6. RACHAEL RAY'S BOOK OF 10; more than 300 recipes to cook every day (Clarkson Potter, 2009, 384 pages, ISBN 978-0-307-38320-4, $20 US paper covers) is another sign of celebrity sighting in the book cases. It is not enough that celebrity cooks are producing books at an alarming rate. They must also be titled with the name of the author in large letters and possessed by something, e.g. RACHEL RAY's. Much of the material in this book originally appeared in several other of Ray's 2005 books; hence, its appearance in this column. This time the material has been arranged by THIRTY categories for FELSO (fast, easy, local, seasonal, possibly organic) cooking. These are her top ten recipes for family favourites, comfort foods, $10 meals, most requested, burgers, vegetarian, pasta, seafood, one-pots. There's some kid food here, but mainly in the chicken category. Preparations have their ingredients listed in avoirdupois measurements, but there is no metric table of equivalents. More advice is at

Quality/Price rating: 85.



7. TOMATO; a fresh-from-the-vine cookbook (Storey Publishing, 2004, 2010; distr. Th. Allen, 278 pages, ISBN 978-1-60342-478-3, $16.95 US paper covers) is by Lawrence Davis-Hollander, who founded and directed the Eastern Native Seed Conservancy (preservation and rediscovery of heirloom plants). It was originally published in 2004 as "The Tomato Festival Cookbook". Most of the preps come from 28 named chefs (including Massimo Capra of Toronto). Log rollers include Alice Waters and Deborah Madison. It has been lightly revised -- the sidebars on tomato lore, chef profiles, descriptions of heirloom varieties, and gardening tips remain. The bibliography stops at 2002. Presumably the directory of sources and tomato festivals is current, with phone numbers and websites. Recipes are grouped by theme or plate, and include desserts (tomato pies, jams, tarts – even a sorbet). Try Catalan tomato toasts, herbed goat cheese broiled in tomato sauce, tomato-rice casserole with poblanos, of the lovely and delicate Imam Bayildi. Preparations have their ingredients listed in avoirdupois measurements, but there is no metric table of equivalents. Quality/Price rating: 88.

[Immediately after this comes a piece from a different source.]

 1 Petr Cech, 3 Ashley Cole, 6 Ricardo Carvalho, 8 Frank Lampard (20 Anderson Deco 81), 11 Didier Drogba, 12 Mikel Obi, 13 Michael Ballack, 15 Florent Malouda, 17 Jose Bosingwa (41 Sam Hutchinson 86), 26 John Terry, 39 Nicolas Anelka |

THE VEGETABLE GARDENER'S BIBLE, 2nd edition (Storey Publishing, 2009; distr. T. Allen, 351 pages, ISBN 978-1-60342-475-2, $24.95 US soft covers) is by Edward C. Smith, a Vermont gardener with a 1500 square foot garden. It was first published in 2000, and this edition is being touted as the "Fully Updated 10th Anniversary Edition", claiming sales of over a quarter-million in the previous decade. His WORD system remains intact: Wide rows; Organic methods; Raised beds; and Deep soil. The dictionary arrangement of vegetable specific information remains. New is coverage of 15 additional vegetables, with an expanded section on salad greens and European and Asian veggies. There is more – and newer – growing information in general, new photos of cultivars, and a section on extending the season into the winter months (bringing stuff indoors). And he proposes more solutions for small-space gardening. And of course, he takes into consideration the variety of North American gardening regions.  Overall, the book does a great job in answering the question "should I grow my own vegetables?"  Quality/Price rating: 88.

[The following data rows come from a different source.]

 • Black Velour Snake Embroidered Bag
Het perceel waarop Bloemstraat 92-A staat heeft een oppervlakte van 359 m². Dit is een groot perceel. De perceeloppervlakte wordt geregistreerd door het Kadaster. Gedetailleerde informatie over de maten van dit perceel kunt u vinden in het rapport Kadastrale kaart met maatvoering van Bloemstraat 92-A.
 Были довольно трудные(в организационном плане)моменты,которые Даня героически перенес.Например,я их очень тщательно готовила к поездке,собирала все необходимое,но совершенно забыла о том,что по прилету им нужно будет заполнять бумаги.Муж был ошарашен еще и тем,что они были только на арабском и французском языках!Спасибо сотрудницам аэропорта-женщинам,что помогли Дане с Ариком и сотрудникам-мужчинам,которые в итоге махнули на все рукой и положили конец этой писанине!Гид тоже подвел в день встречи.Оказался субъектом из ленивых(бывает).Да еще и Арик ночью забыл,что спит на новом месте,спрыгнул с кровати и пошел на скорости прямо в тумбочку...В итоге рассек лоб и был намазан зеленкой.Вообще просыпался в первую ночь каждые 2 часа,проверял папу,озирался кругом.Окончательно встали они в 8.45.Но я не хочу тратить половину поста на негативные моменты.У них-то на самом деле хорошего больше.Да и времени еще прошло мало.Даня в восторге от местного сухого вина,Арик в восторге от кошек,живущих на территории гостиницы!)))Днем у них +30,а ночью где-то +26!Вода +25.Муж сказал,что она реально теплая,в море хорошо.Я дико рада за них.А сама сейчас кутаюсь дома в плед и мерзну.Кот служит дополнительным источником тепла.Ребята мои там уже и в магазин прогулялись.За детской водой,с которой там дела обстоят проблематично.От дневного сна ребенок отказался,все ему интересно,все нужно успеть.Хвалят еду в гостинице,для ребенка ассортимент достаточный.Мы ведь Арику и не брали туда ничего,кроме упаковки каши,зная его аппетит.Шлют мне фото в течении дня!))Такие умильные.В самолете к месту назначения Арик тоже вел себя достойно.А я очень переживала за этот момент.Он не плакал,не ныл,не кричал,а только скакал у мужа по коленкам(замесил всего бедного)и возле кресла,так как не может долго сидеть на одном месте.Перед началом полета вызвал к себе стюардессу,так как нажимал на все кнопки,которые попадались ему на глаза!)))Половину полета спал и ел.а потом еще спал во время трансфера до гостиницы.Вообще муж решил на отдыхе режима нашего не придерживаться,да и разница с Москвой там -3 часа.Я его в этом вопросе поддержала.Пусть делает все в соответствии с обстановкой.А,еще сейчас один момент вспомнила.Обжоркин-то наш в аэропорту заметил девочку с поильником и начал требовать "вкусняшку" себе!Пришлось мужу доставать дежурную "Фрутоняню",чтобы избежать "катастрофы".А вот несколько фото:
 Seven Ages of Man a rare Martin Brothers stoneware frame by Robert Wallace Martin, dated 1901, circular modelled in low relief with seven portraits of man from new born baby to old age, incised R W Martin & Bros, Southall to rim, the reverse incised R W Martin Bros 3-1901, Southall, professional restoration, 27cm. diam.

PASTA ET CETERA A LA DI STASIO (Transcontinental Books, 2007, 2009, 191 pages, ISBN 978-0-9809924-8-9, $29.95 CAD paper covers) is by Josee di Stasio, who had a cooking show on French-Canadian TV. This book was originally published in French in 2007 as a tie-in with that show. It's a basic Italian cookbook, divided into chapters dealing with antipasti and minestre, pasta (the main part), and dolci. Preparations have their ingredients listed in both metric and avoirdupois measurements. The layout and photography is very good, but there is a lot of white space. So a gorgeous-looking book it is. She begins with cheese tuiles, salami chips, and little leek balls (none of which you see in too many Italian cookbooks), and ends with lemon sorbet and limoncello, lime budino, and an olive oil and lemon loaf (which you don't see too often). Pastas are pretty basic, although there are some like cauliflower penne, cacao e pepe, and lemon pasta that are not ordinary. Maybe it is time for someone to put out a definitive pasta book which defines the field, with about 2000 variations. She also covers the basic Italian pantry. Page numbers for recipes in the index have bold face, which is always a good idea. Quality/Price rating: 86.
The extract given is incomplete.